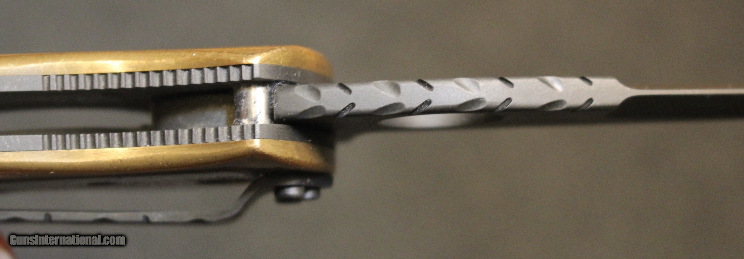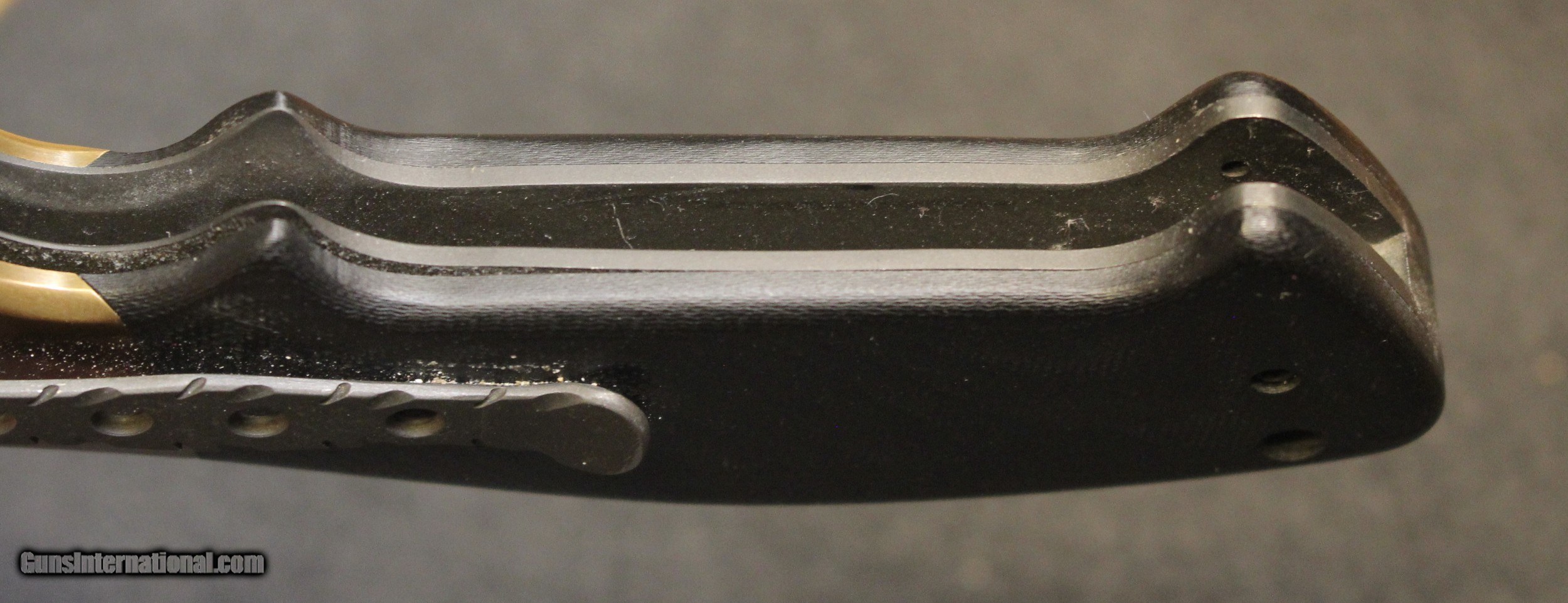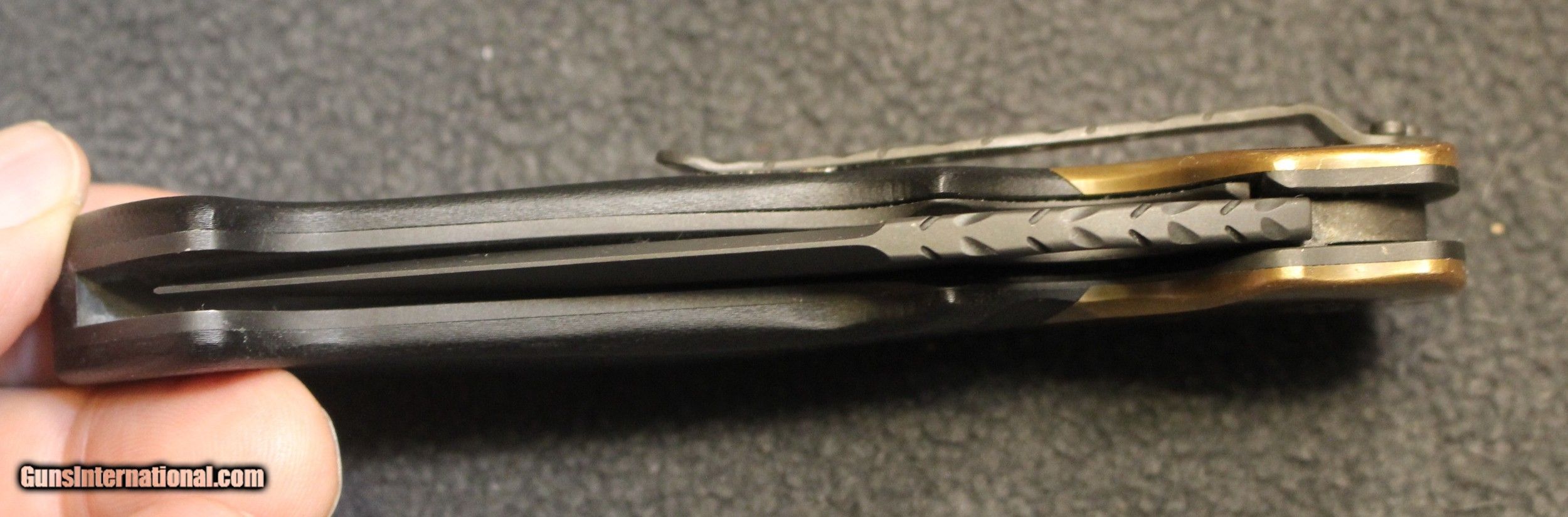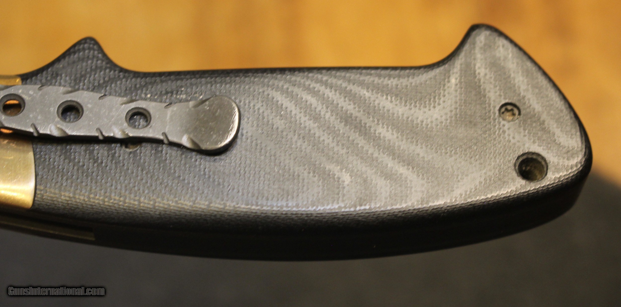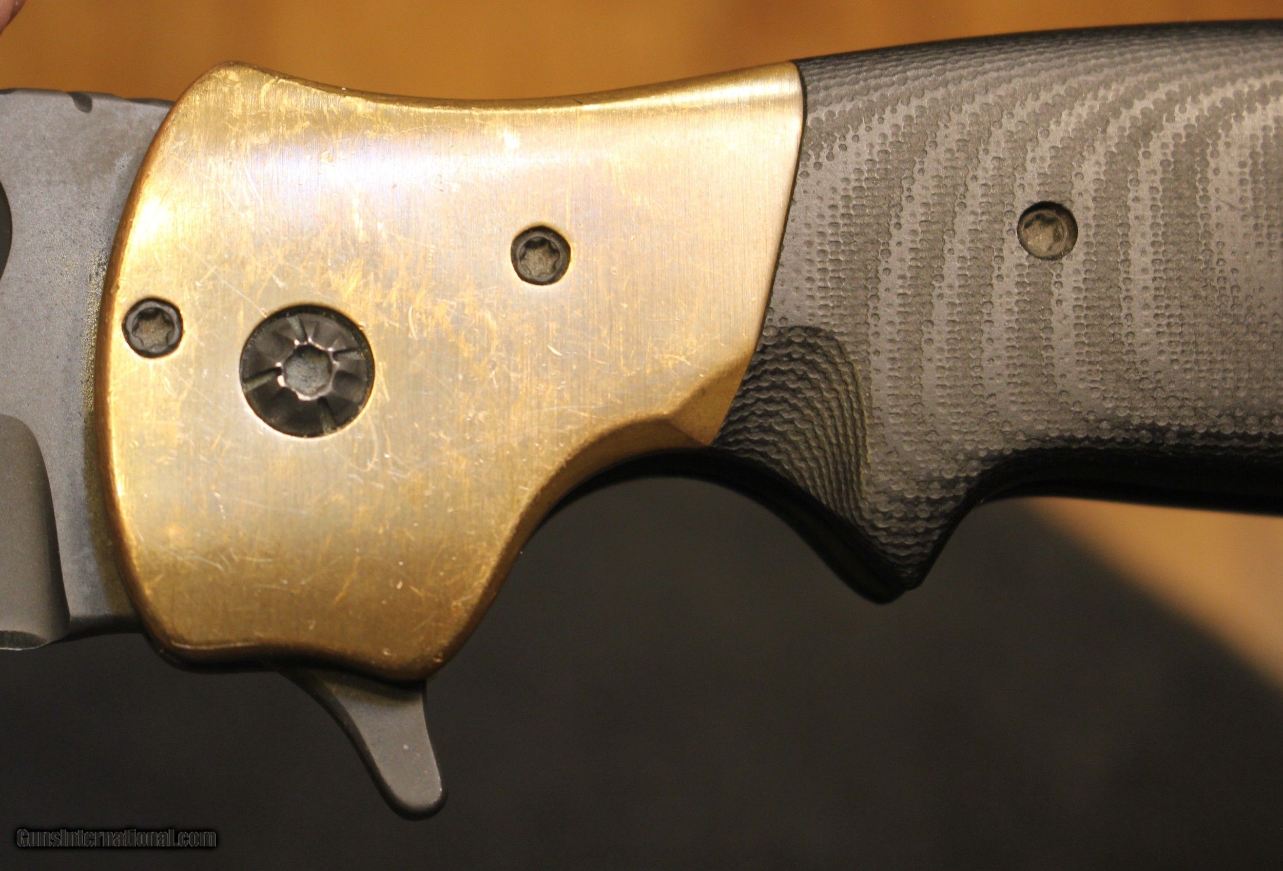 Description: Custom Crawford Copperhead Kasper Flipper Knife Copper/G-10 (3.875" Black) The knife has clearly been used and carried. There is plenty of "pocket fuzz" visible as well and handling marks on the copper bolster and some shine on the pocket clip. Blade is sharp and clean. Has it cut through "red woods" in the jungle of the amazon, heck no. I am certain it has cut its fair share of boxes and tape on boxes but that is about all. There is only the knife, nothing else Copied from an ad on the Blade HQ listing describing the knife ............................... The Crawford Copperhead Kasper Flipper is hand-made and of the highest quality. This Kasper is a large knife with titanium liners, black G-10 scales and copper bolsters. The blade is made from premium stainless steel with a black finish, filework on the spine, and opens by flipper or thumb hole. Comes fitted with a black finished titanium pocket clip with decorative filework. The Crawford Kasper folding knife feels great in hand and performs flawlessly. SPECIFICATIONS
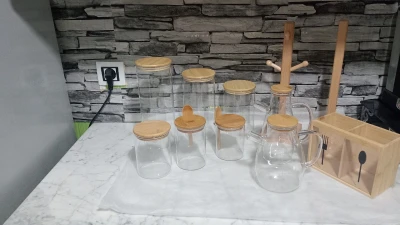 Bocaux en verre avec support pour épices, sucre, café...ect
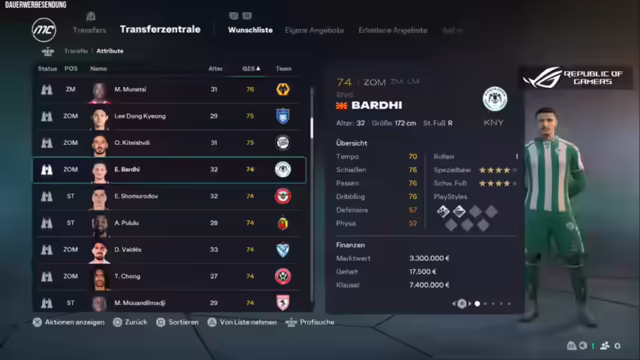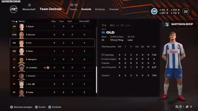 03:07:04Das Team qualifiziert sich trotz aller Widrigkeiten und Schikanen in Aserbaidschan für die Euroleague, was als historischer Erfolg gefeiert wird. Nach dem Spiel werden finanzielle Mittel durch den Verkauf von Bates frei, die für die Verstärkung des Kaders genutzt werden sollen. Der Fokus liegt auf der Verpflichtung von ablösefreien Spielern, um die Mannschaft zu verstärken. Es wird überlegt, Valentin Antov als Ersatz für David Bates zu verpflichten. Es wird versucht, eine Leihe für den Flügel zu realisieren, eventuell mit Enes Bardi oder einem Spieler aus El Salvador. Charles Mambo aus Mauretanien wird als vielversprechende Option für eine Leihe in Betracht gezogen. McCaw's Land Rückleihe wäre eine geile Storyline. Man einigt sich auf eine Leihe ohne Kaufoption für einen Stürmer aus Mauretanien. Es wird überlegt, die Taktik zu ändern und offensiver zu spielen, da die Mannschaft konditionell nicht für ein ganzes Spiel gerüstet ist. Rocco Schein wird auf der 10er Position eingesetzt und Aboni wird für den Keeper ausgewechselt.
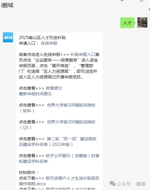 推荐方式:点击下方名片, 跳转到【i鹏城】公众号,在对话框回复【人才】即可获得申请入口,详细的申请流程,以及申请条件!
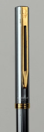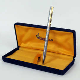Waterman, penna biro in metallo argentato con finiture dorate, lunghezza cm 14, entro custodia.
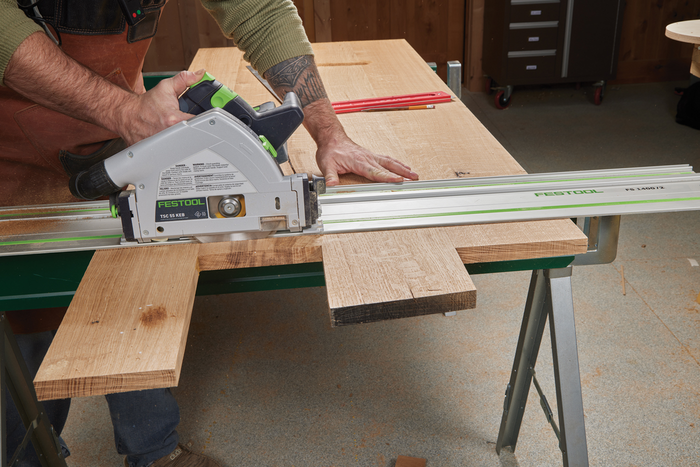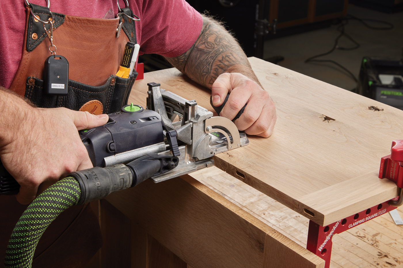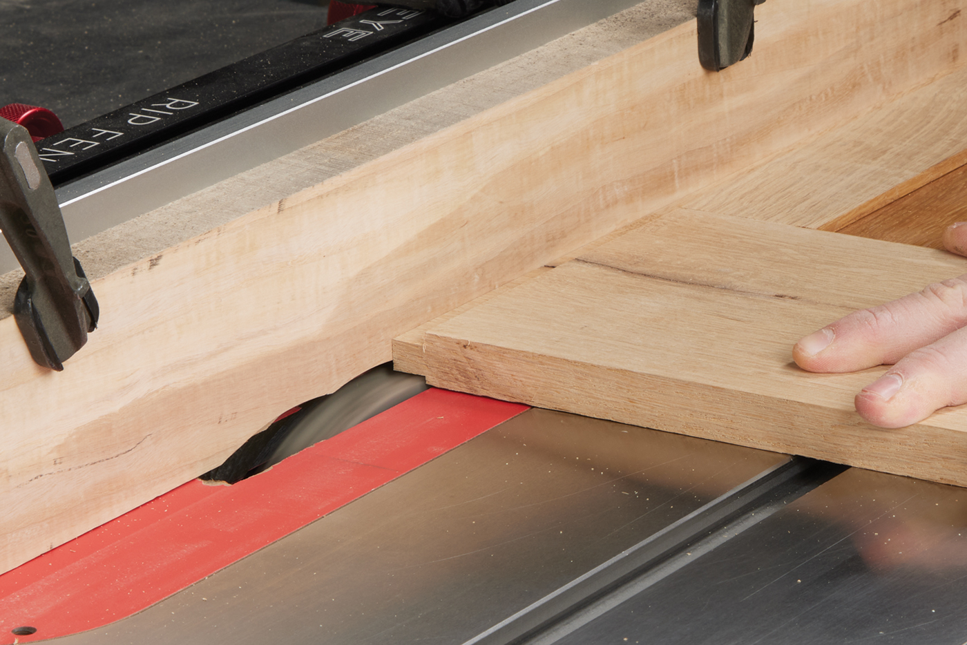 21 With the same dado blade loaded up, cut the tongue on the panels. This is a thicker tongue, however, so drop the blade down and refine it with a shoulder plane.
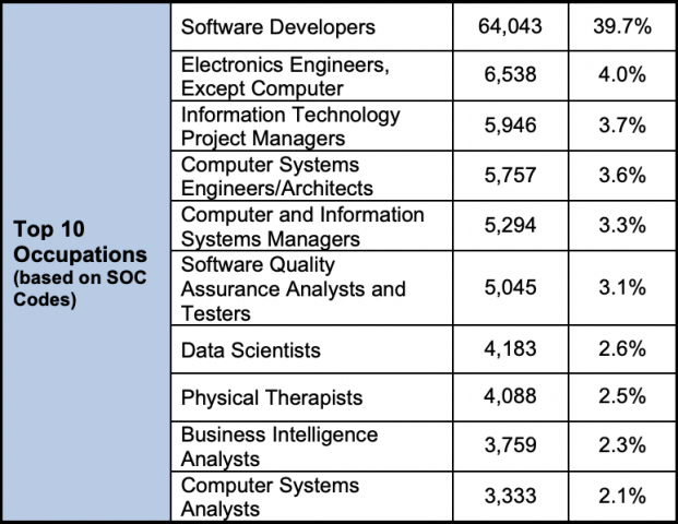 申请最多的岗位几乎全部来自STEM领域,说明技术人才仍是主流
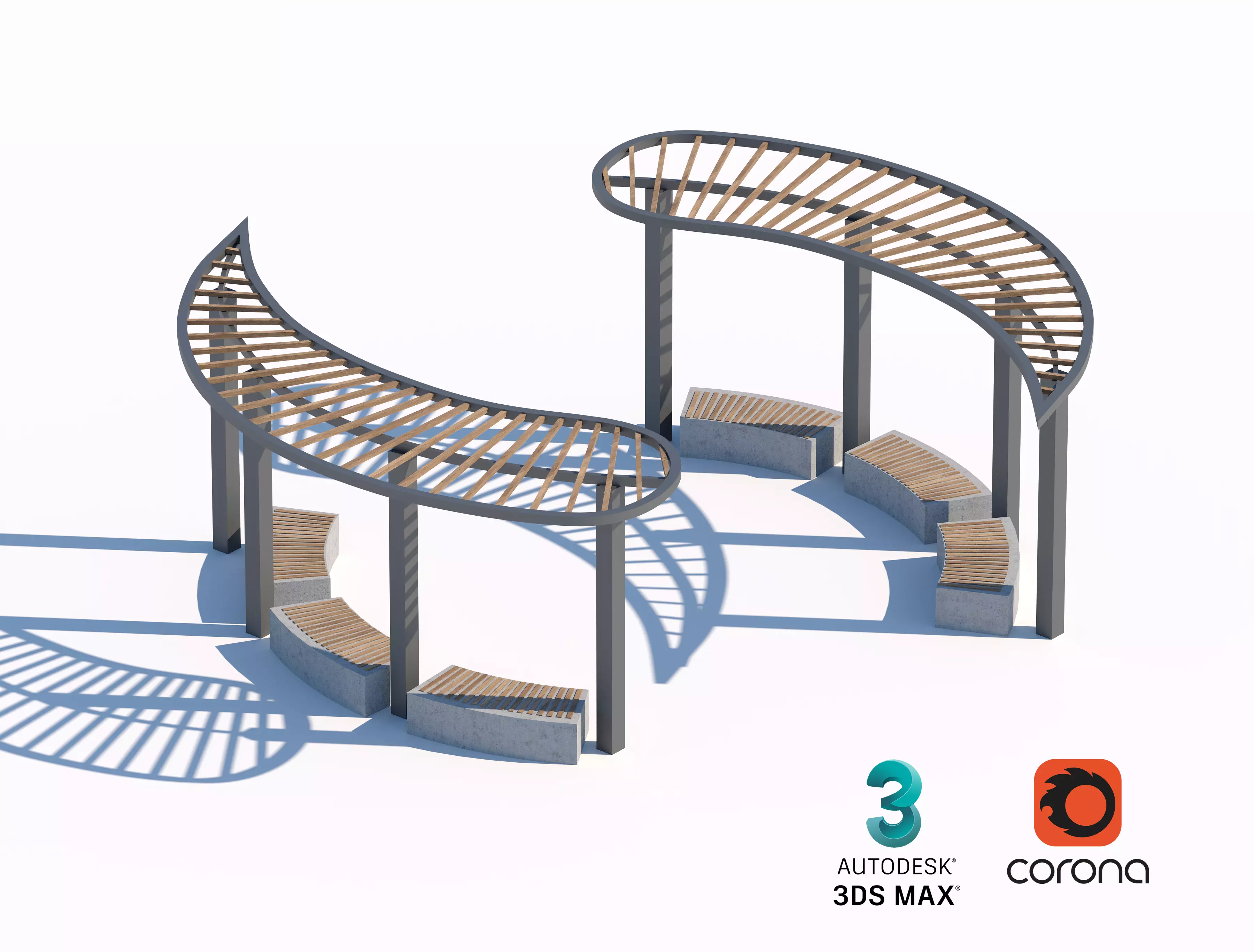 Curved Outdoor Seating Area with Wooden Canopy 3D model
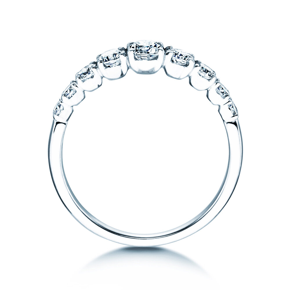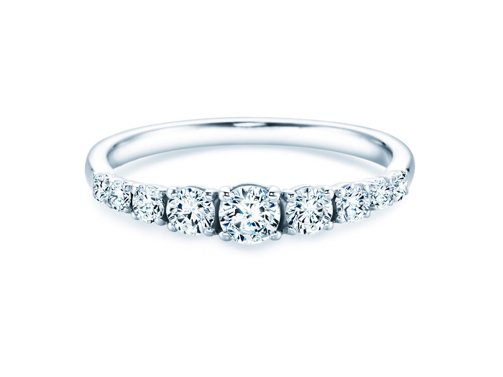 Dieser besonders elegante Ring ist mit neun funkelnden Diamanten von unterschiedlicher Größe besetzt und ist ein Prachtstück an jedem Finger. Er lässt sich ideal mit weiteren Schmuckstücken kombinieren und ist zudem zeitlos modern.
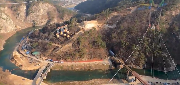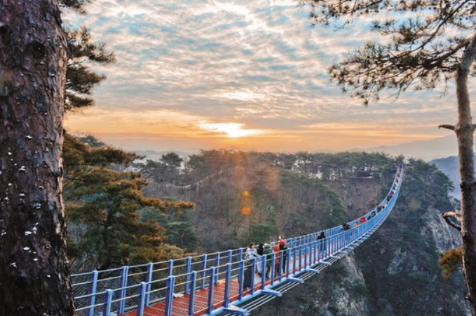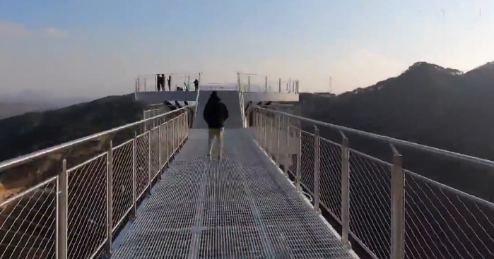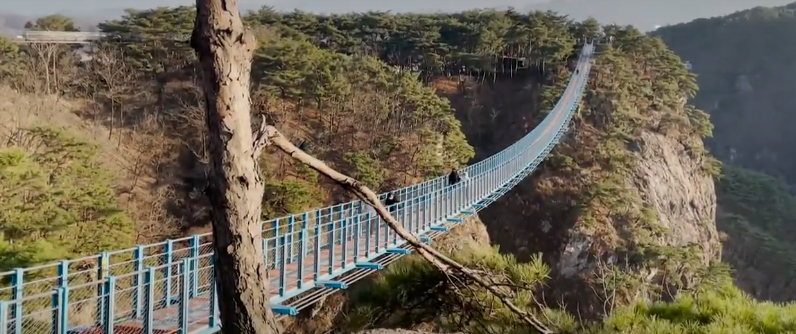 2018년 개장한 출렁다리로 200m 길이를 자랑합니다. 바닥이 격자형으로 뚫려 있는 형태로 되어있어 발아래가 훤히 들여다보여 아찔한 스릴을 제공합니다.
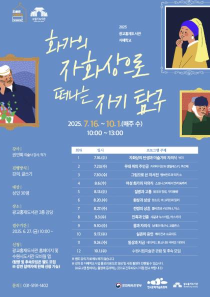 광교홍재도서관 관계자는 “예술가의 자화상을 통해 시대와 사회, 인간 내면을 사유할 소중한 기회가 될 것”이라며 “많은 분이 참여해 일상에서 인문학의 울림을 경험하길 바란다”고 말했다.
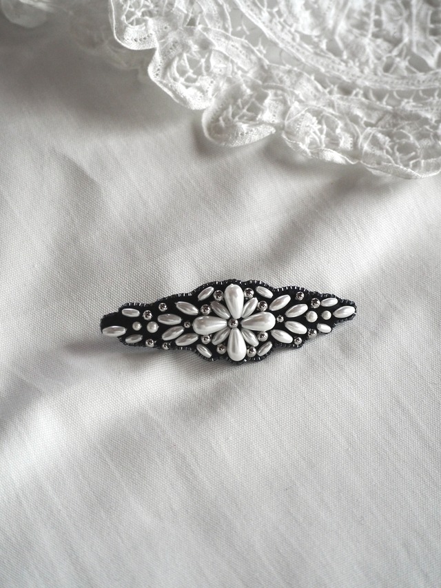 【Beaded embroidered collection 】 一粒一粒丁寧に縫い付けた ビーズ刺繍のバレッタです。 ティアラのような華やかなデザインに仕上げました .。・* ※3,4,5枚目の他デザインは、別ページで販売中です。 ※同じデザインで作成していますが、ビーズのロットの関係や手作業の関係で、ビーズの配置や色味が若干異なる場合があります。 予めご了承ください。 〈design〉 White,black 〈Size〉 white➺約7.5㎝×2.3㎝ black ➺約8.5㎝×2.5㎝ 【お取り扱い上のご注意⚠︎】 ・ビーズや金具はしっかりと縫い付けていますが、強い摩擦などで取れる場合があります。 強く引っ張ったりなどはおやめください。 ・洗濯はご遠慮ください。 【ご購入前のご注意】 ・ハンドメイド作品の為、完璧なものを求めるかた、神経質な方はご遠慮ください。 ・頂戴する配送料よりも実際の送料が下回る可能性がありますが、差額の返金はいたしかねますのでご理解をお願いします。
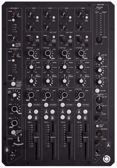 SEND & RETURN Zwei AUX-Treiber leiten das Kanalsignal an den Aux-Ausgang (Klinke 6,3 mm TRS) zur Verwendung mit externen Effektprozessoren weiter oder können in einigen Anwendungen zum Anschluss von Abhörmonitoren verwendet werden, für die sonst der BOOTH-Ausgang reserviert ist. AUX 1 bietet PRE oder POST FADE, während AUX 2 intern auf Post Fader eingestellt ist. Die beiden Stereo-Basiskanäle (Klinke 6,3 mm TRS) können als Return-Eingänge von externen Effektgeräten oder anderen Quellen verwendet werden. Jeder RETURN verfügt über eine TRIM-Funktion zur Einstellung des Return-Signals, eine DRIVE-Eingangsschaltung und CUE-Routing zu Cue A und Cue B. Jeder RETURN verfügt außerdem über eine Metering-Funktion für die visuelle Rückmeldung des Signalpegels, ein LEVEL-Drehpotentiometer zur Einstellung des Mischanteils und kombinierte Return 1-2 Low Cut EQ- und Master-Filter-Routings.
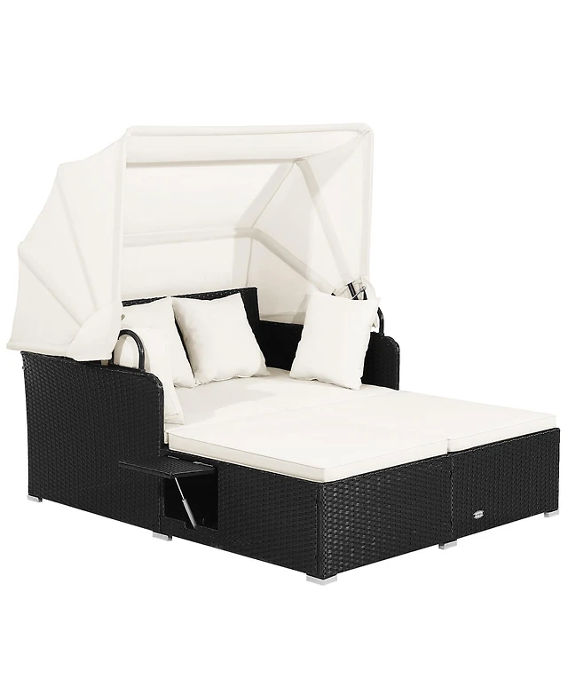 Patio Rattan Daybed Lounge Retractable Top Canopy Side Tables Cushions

### Activity:
Repeat the exact lines from the first line of the data through the line containing "Bocaux en verre". Nothing else, no pictures.

### Response area:
 Description: Custom Crawford Copperhead Kasper Flipper Knife Copper/G-10 (3.875" Black) The knife has clearly been used and carried. There is plenty of "pocket fuzz" visible as well and handling marks on the copper bolster and some shine on the pocket clip. Blade is sharp and clean. Has it cut through "red woods" in the jungle of the amazon, heck no. I am certain it has cut its fair share of boxes and tape on boxes but that is about all. There is only the knife, nothing else Copied from an ad on the Blade HQ listing describing the knife ............................... The Crawford Copperhead Kasper Flipper is hand-made and of the highest quality. This Kasper is a large knife with titanium liners, black G-10 scales and copper bolsters. The blade is made from premium stainless steel with a black finish, filework on the spine, and opens by flipper or thumb hole. Comes fitted with a black finished titanium pocket clip with decorative filework. The Crawford Kasper folding knife feels great in hand and performs flawlessly. SPECIFICATIONS
 Bocaux en verre avec support pour épices, sucre, café...ect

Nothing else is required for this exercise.